(Beginning of Dataset content)
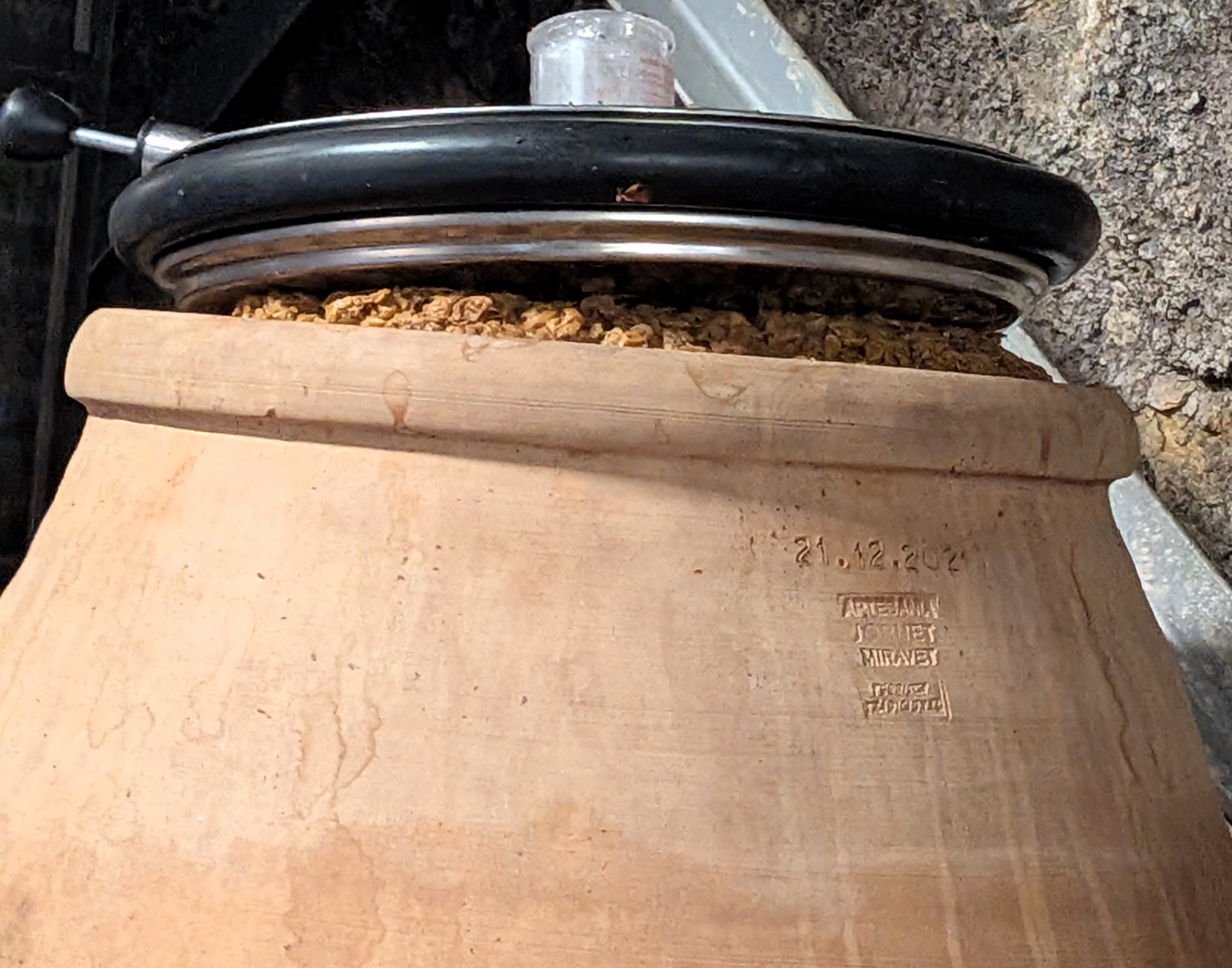 The other amphora will be used for the various blanc and gris grapes (Carignan, Grenache etc) also from Peilhan.
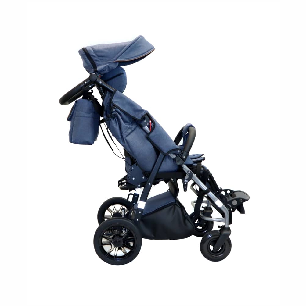• Wózek posiada regulację kątową zarówno siedziska jak i oparcia, dzięki czemu można dziecko prawidłowo posadzić, a nawet usadowić w pozycji leżącej
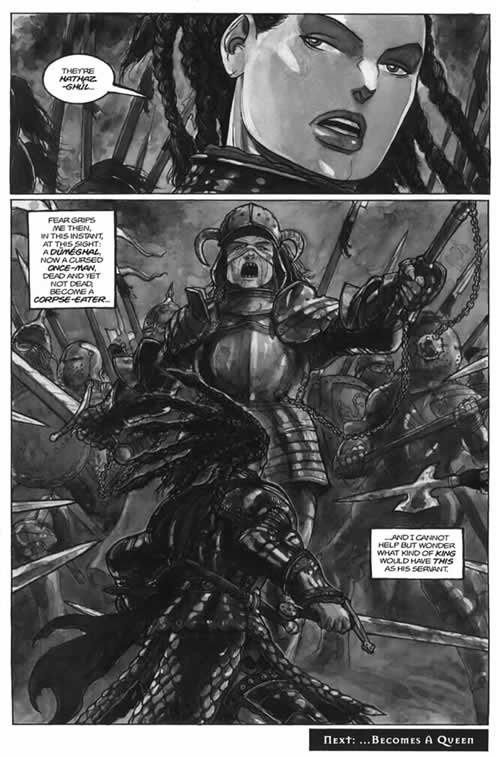 That can be very immersive, but if it’s too real, then depending on the circumstances, there are issues, too. Even with the amazing special effects available to film today; the photographic nature of the media can contradict or fight itself. Take as an example, the last scene in the Universal Pictures’ film The Mummy Returns, starring Brendan Fraser, Rachel Weisz and Dwayne "The Rock" Johnson, who plays the Scorpion King. In the climatic conclusion (apologies, if you haven’t seen the film) Johnson’s face is embedded on a computer generated giant scorpion. In an interactive game, where everything is rendered, the effect would have been plausible, if not striking, but even the slightest miscalculation in the integration of a simulated live face on the completely rendered scorpion body will pull the viewer out of the immersive realm and back into the real world, just enough to say – "hey, that’s not really the Rock." The photographic level of film demands more from special effects than a comic book or interactive game. The fantasy element has always been one of the attractions of the comics, and the reason many Hollywood films are using that same formula. It works, and not just for superhero characters, because The Mummy Returns symbolizes the outlandish imagery that was once exclusive to the comic artist’s talent and imagination.
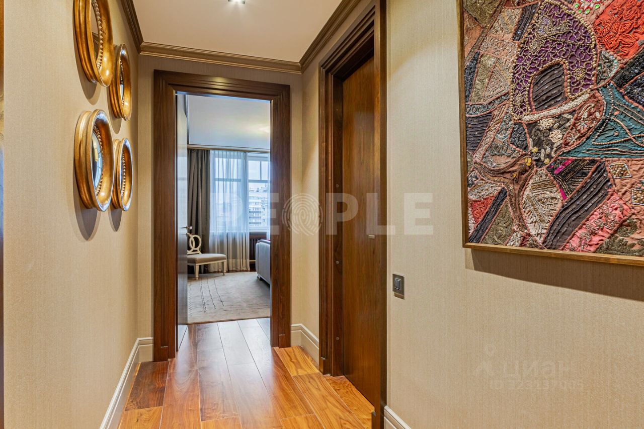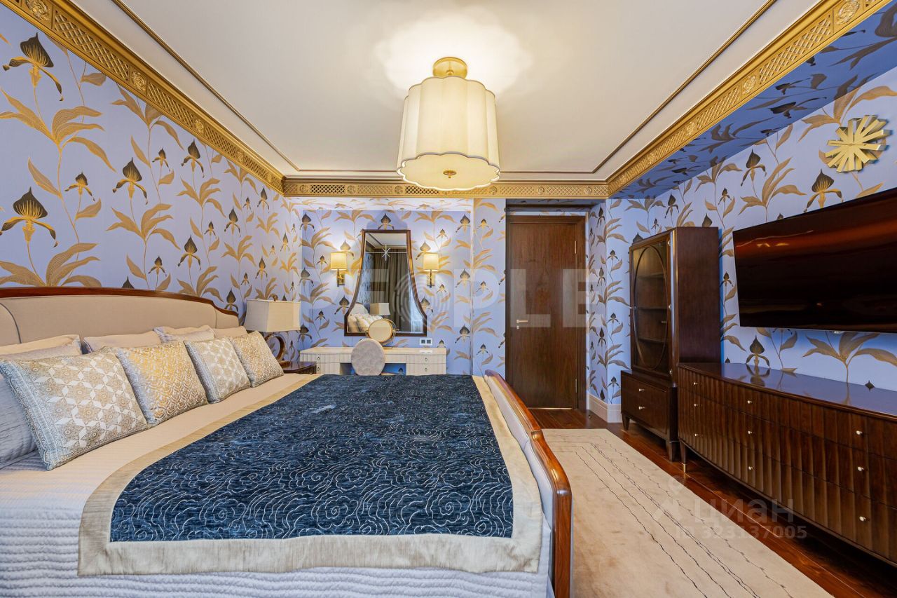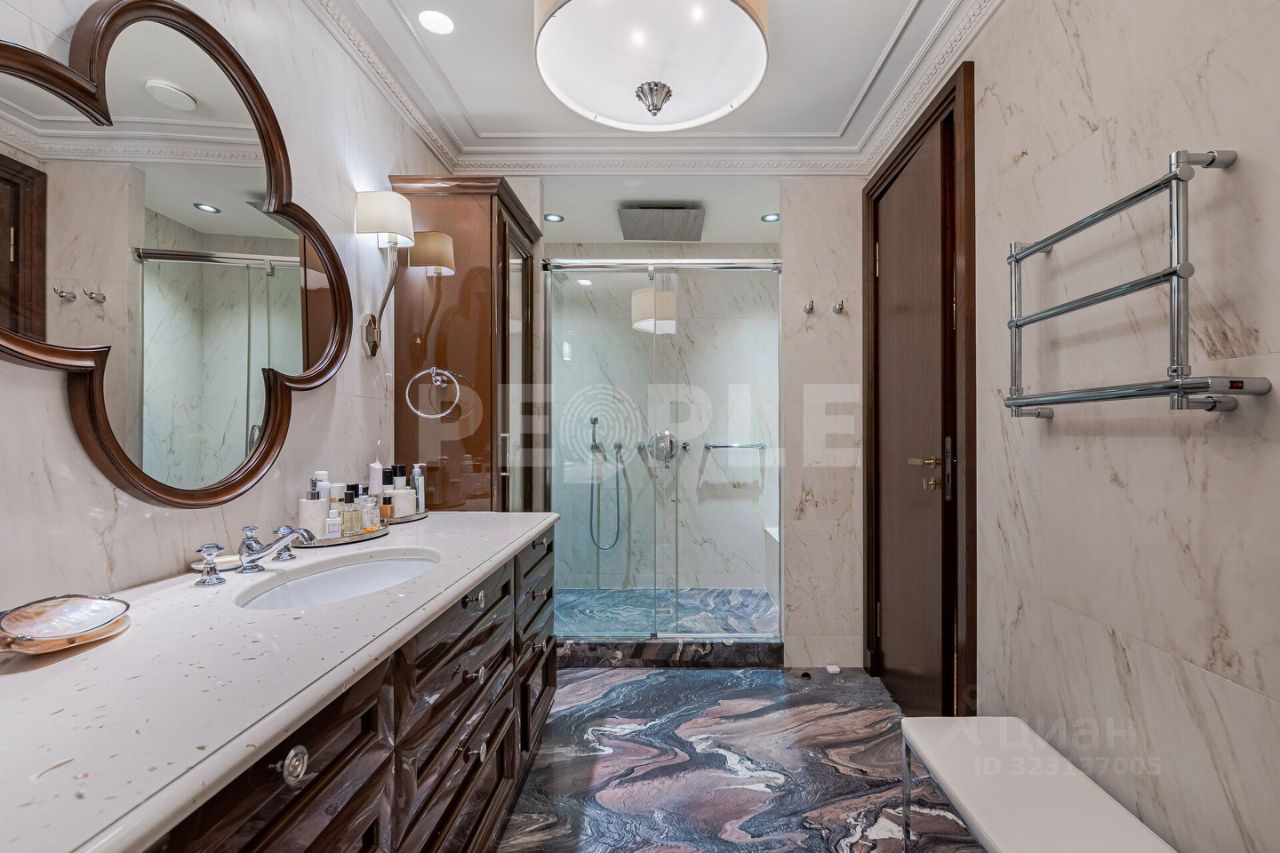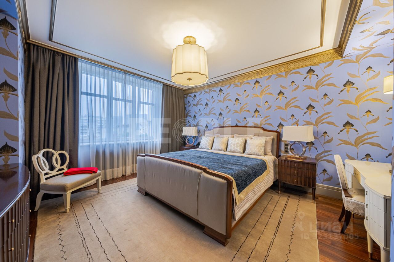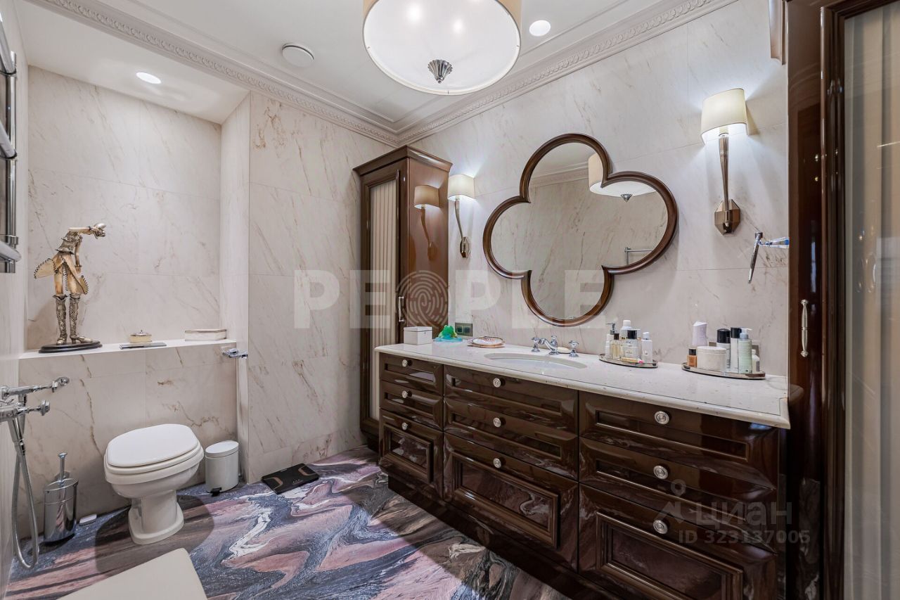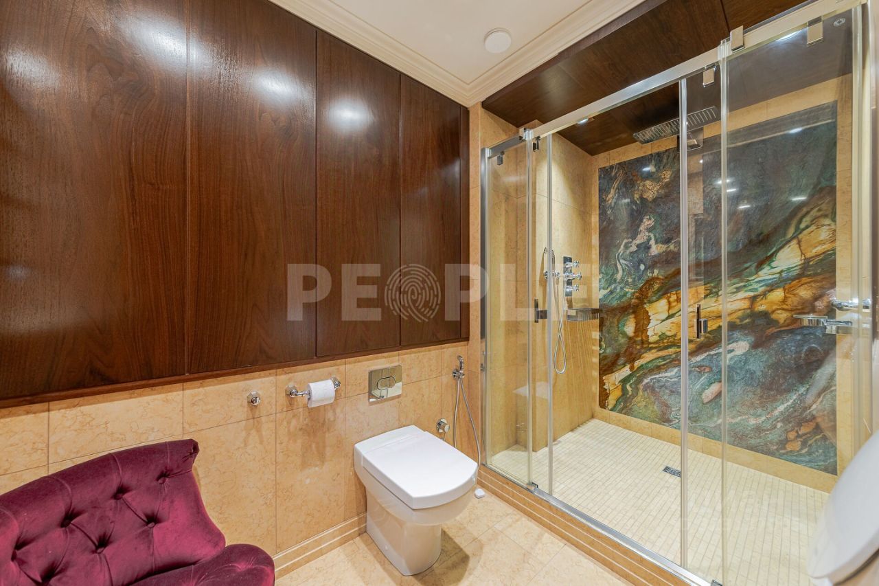 Дизайн квартиры выполнен в стиле Ар-деко по авторскому проекту от известного дизайнерского бюро Самыгин и Самыгин. Отделка с использованием самых дорогих натуральных материалов. Дубовый паркет, стеновые деревянные панели, мрамор, оникс.
(End of Dataset content)
## Work to be completed
Please write out only the material above, exactly, from its first line through the line that contains "usadowić w pozycji leżącej", and include no pictures.

## Exercise output
 The other amphora will be used for the various blanc and gris grapes (Carignan, Grenache etc) also from Peilhan.
• Wózek posiada regulację kątową zarówno siedziska jak i oparcia, dzięki czemu można dziecko prawidłowo posadzić, a nawet usadowić w pozycji leżącej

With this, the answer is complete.